# PROBLEM DESCRIPTION
Your output should be the lines below from the one with "Формование толкателем применяется" through the one with "Anfahrt am Vorabend", copied exactly, pictures excluded.

# EXERCISE MATERIAL
---

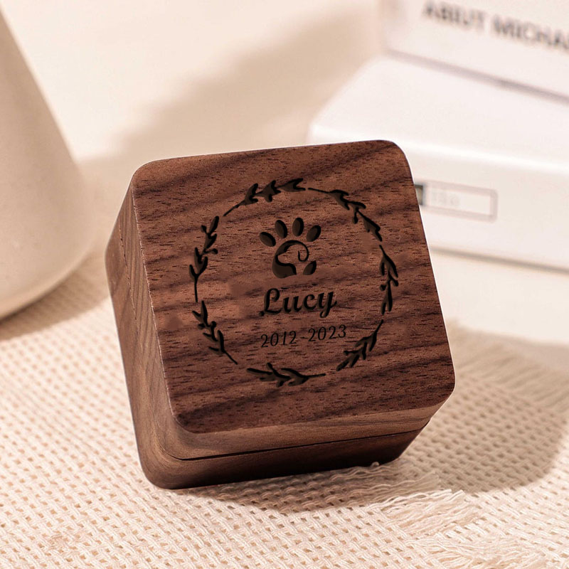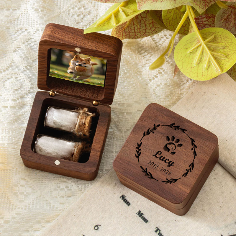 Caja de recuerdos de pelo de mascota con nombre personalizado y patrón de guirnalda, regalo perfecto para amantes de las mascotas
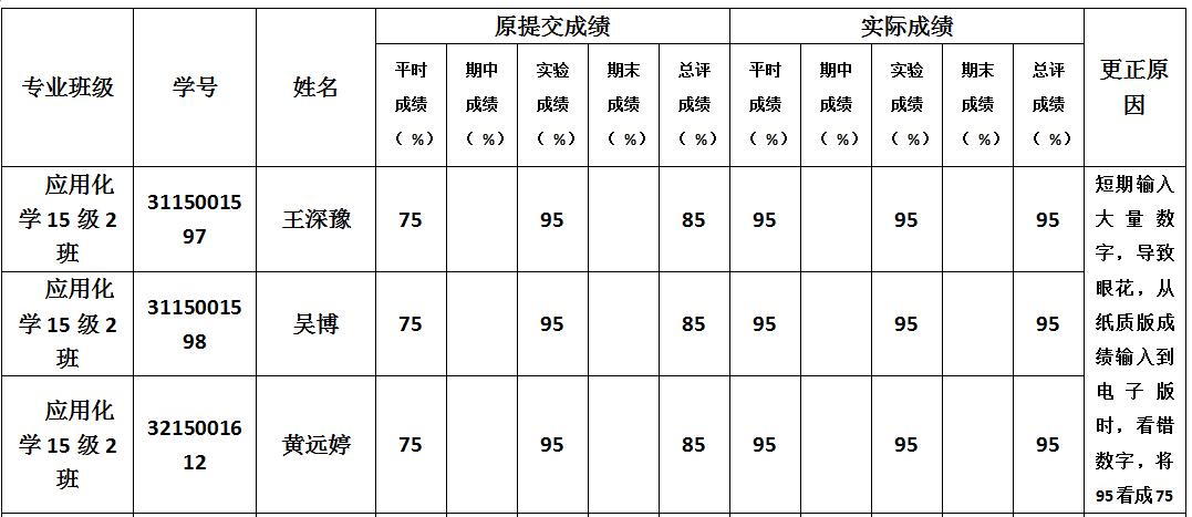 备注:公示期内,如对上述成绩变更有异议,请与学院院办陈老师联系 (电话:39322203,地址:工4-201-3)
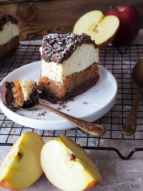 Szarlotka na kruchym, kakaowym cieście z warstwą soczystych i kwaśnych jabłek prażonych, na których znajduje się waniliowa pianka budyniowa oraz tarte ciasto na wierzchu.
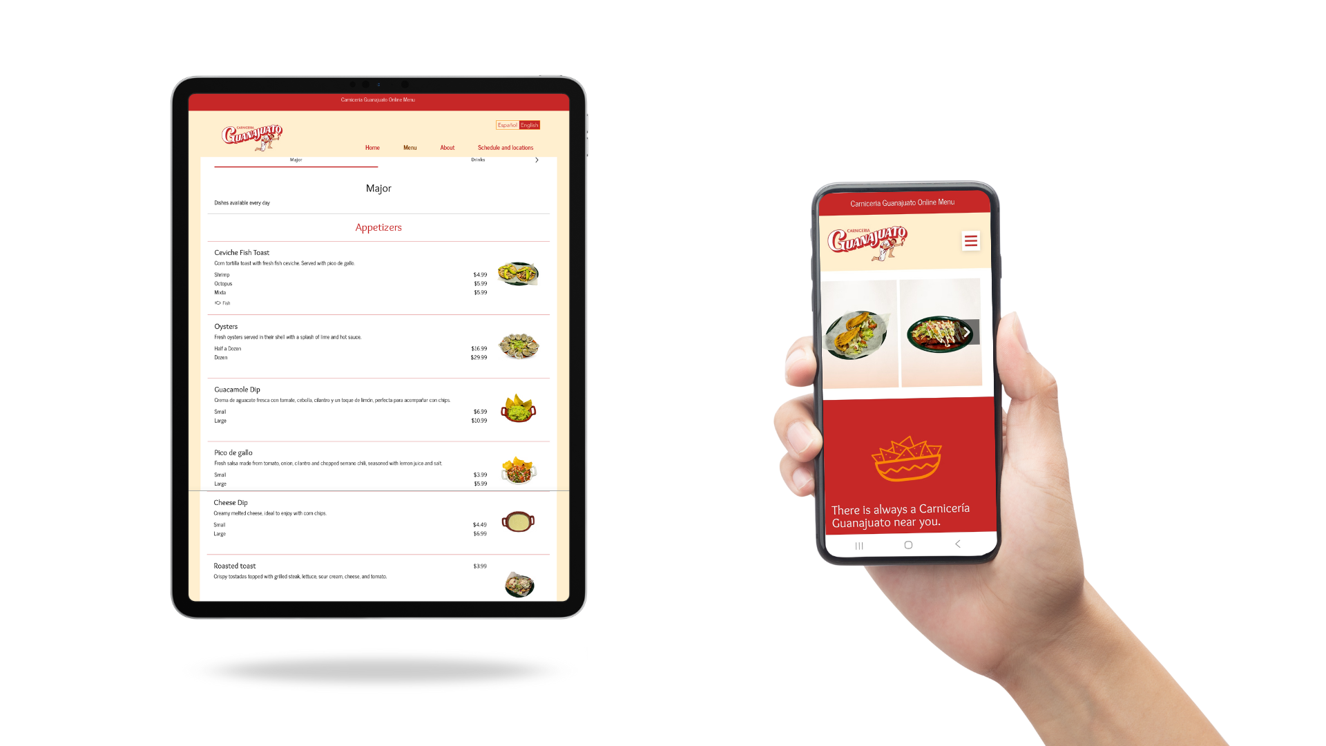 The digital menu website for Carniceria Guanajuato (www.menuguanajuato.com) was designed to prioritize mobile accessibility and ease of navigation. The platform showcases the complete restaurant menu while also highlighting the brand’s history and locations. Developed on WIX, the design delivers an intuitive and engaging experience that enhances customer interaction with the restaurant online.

---

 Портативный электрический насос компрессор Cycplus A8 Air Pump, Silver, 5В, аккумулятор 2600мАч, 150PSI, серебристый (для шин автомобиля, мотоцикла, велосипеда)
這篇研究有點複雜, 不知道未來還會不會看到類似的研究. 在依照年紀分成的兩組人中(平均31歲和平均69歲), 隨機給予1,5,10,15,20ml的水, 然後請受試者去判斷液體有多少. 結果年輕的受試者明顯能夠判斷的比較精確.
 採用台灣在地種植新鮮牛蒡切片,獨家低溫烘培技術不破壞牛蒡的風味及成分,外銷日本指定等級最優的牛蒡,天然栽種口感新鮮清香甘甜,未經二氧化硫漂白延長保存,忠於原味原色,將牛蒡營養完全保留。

---

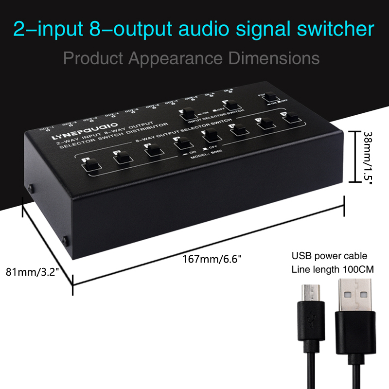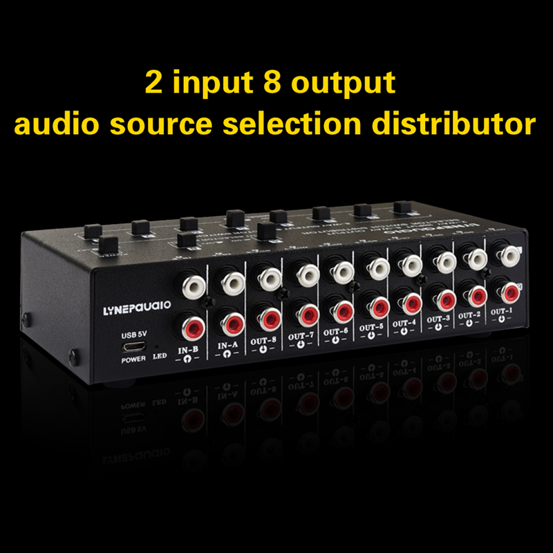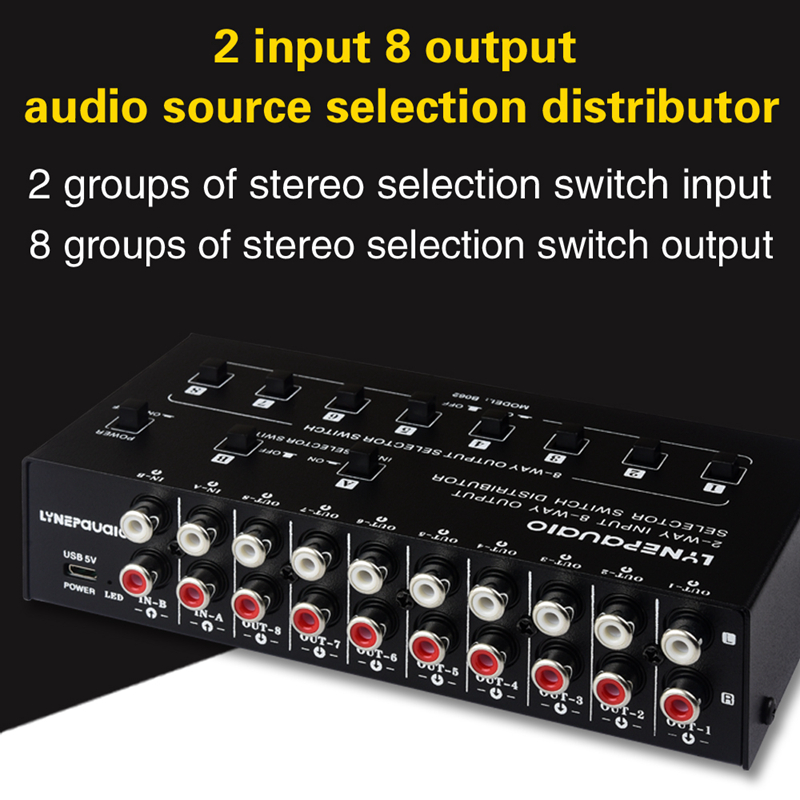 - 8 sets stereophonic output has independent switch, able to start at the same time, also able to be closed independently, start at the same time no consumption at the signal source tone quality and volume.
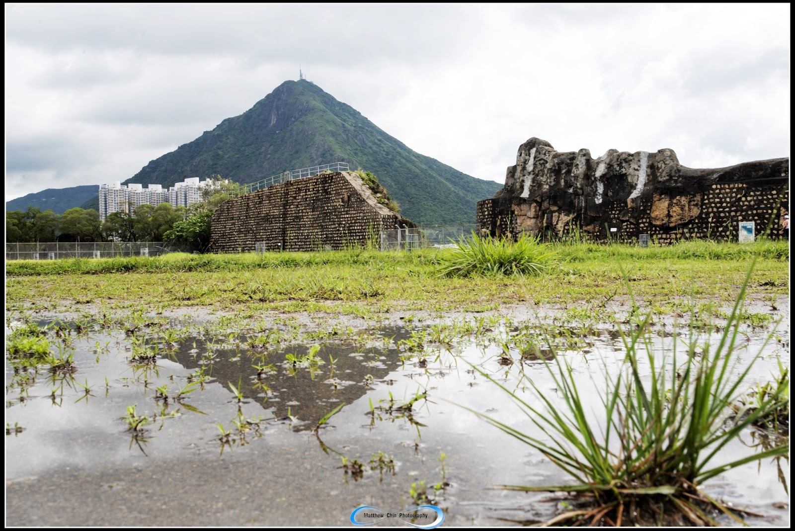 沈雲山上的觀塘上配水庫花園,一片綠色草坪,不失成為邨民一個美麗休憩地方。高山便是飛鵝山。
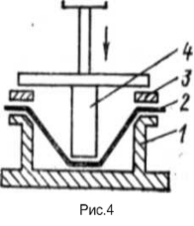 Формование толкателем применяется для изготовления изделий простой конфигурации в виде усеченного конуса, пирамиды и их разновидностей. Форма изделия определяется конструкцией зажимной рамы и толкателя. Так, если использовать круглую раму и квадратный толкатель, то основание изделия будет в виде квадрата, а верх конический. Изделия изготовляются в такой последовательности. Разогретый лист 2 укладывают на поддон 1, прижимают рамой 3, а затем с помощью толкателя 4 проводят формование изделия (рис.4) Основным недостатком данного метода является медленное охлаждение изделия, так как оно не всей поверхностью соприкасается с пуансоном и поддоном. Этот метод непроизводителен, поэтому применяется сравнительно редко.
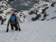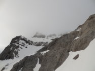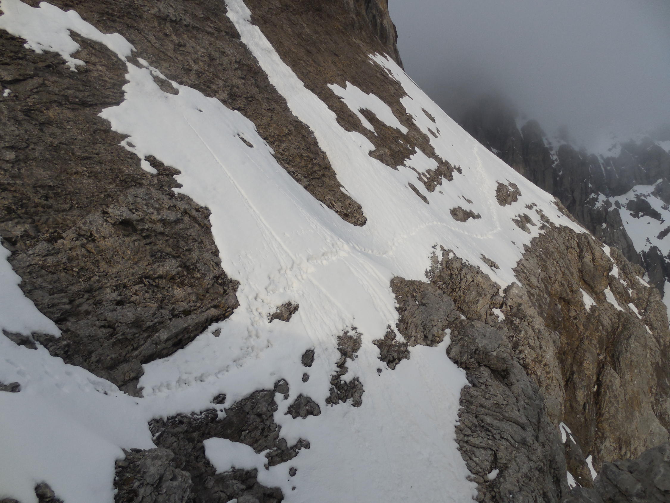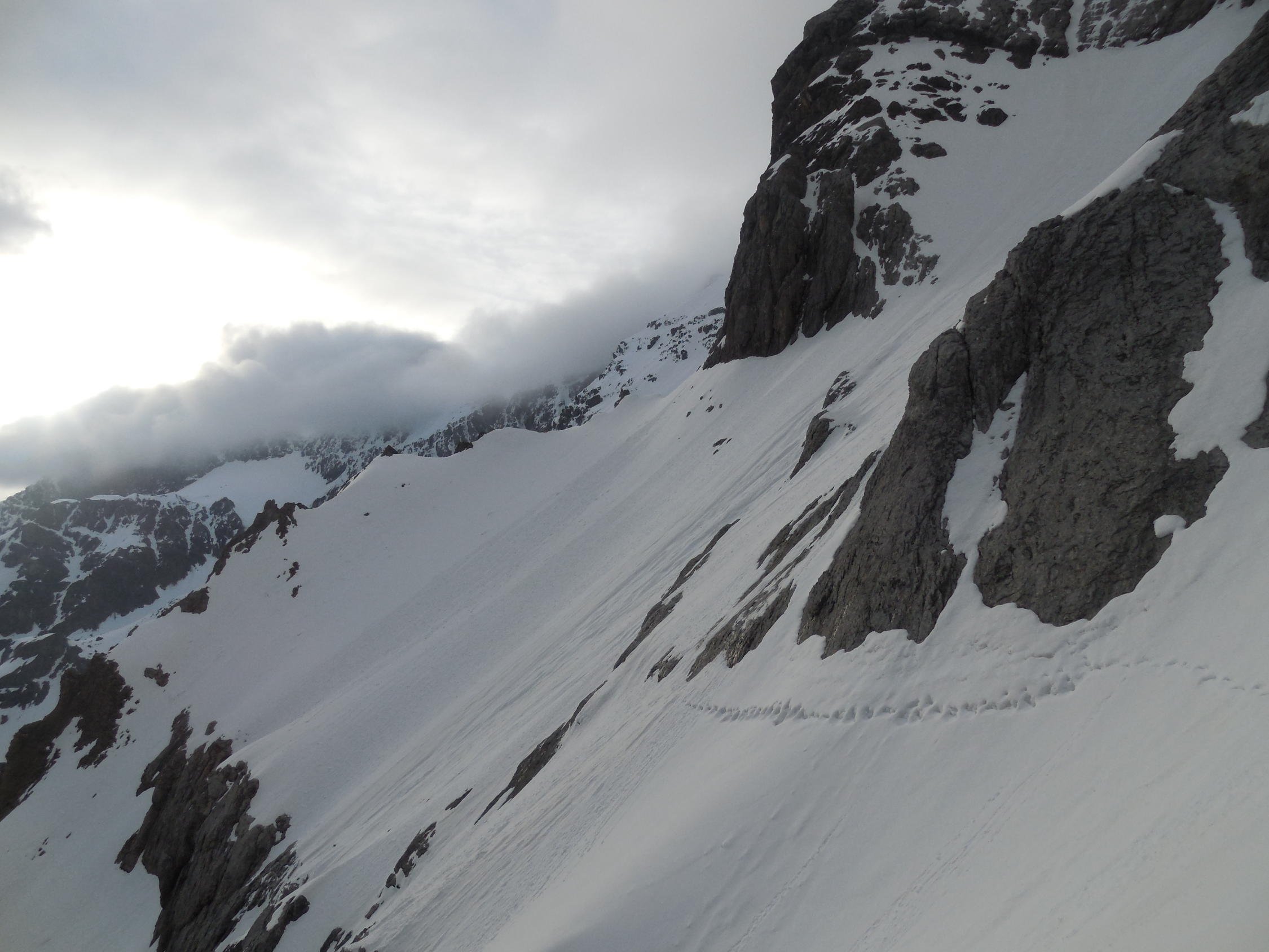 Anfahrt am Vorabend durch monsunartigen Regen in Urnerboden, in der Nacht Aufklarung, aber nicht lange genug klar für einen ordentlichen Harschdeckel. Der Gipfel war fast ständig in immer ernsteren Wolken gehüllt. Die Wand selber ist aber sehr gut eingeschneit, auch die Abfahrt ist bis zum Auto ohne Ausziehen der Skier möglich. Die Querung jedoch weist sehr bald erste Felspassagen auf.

---

# TASK RESULT
 Формование толкателем применяется для изготовления изделий простой конфигурации в виде усеченного конуса, пирамиды и их разновидностей. Форма изделия определяется конструкцией зажимной рамы и толкателя. Так, если использовать круглую раму и квадратный толкатель, то основание изделия будет в виде квадрата, а верх конический. Изделия изготовляются в такой последовательности. Разогретый лист 2 укладывают на поддон 1, прижимают рамой 3, а затем с помощью толкателя 4 проводят формование изделия (рис.4) Основным недостатком данного метода является медленное охлаждение изделия, так как оно не всей поверхностью соприкасается с пуансоном и поддоном. Этот метод непроизводителен, поэтому применяется сравнительно редко.
 Anfahrt am Vorabend durch monsunartigen Regen in Urnerboden, in der Nacht Aufklarung, aber nicht lange genug klar für einen ordentlichen Harschdeckel. Der Gipfel war fast ständig in immer ernsteren Wolken gehüllt. Die Wand selber ist aber sehr gut eingeschneit, auch die Abfahrt ist bis zum Auto ohne Ausziehen der Skier möglich. Die Querung jedoch weist sehr bald erste Felspassagen auf.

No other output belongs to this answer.